Easy Company got there first.

On May 4, the 101st moved out by convoy down the autobahn between Munich and Salzburg, with 2nd Battalion in the lead. The Americans passed Rosenheim and the Chiem See. At Siegsdorf they turned right on the direct highway to Berchtesgaden. About 14 kilometers down the road, they ran into the tail of the French 2nd Armored Division, the first division to enter Paris, with its famous commander Gen. Jacques Philippe Leclerc.

The 2nd Armored supposedly had been on the right flank of the 101st for the past week, but the Americans had not been able to keep in touch with it. The French were there one minute, gone the next. So far as the Americans could make out, they were looting their way through Germany. Whenever they got a truck load or two of loot, they'd send it back home to France. Now they were lusting to get into Berchtesgaden, only an hour's drive or so up into the mountains to the south. But the French were stopped by a blown bridge over a deep ravine. They did not have bridging equipment, and some SS fanatics were holding out on the south side of the ravine, using automatic weapons and mortars.

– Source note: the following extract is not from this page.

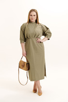 Платье относится к нарядной торжественной одежде. Платье женское, полу прилегающего силуэта, длиной до нижней части икры, расширенное к низу, выполнено в виде имитации костюма. Перед с 2-мя нагрудными вытачками, с отлетной верхней частью из отделочной ткани, с отрезным бочком в левой нижней части платья; шов соединения с треугольной вставкой из отделочной ткани, такими же вставками декорированы и боковые швы. Спинка со средним швом и 2-мя таллиевыми вытачками с отлетной верхней частью из отделочной ткани. Горловина круглая, обточная, без воротника. Рукав короткий, втачной, одно шовный, из отделочной ткани. Платье без плечевых накладок. Длина спинки платья 136 см, длина рукава 23 см.
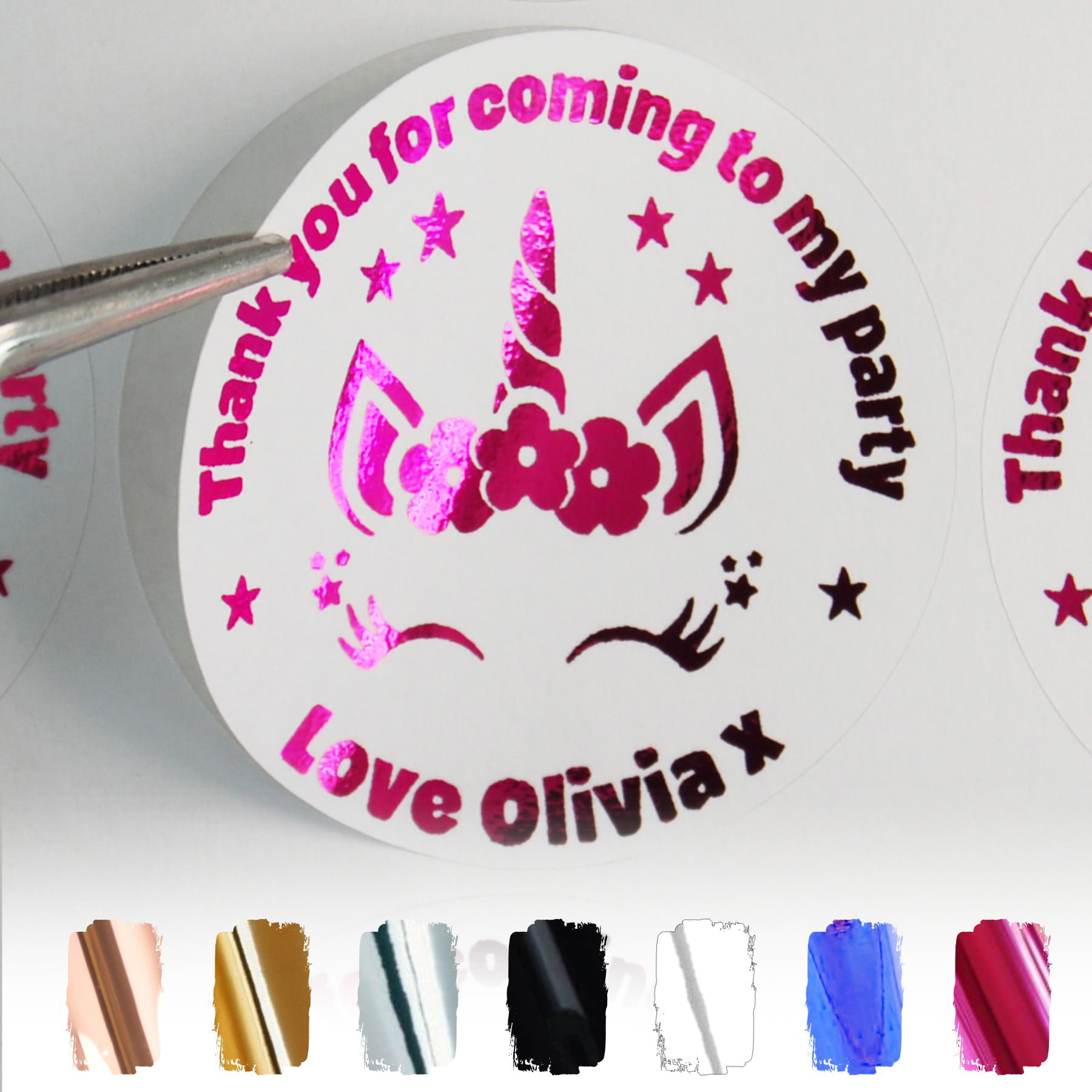 Unicorn Party Stickers Personalised with your custom text on the bottom

Easy Company and the remainder of 2nd Battalion began mixing in with the French, everyone standing around watching a long-range, useless exchange of fire while waiting for the 101st engineers to come forward. Winters asked Sink if he wanted to send a platoon to outflank the German roadblock. "No," Sink replied, "I don't want anybody to get hurt."

That was sensible. There was no point to taking casualties at this stage of the war. But there was Berchtesgaden, just on the other side of the roadblock, almost in hand. Sink changed his mind. "Take the 2nd Battalion back to the autobahn," he told Winters, "and see if you can outflank this roadblock and get to Berchtesgaden." If he succeeded, Sink wanted him to reserve the famous Berchtesgaden Hof for regimental HQ.

Winters led the battalion on a backtrack to the autobahn, then east to Bad Reichenhall, where another blown bridge stopped the Americans for the night. The following morning, May 5, with Easy Company leading the way, the 2nd Battalion drove unopposed to Berchtesgaden and took the town without having to fire a shot.

It was like a fairy-tale land. The snow-capped mountains, the dark green woods, the tinkling icy creeks, the gingerbread houses, the quaint and colorful dress of the natives, provided a delight for the eye. The food, liquor, accommodations, and large number of Luftwaffe and Wehrmacht service women, plus camp followers of various types, provided a delight for the body.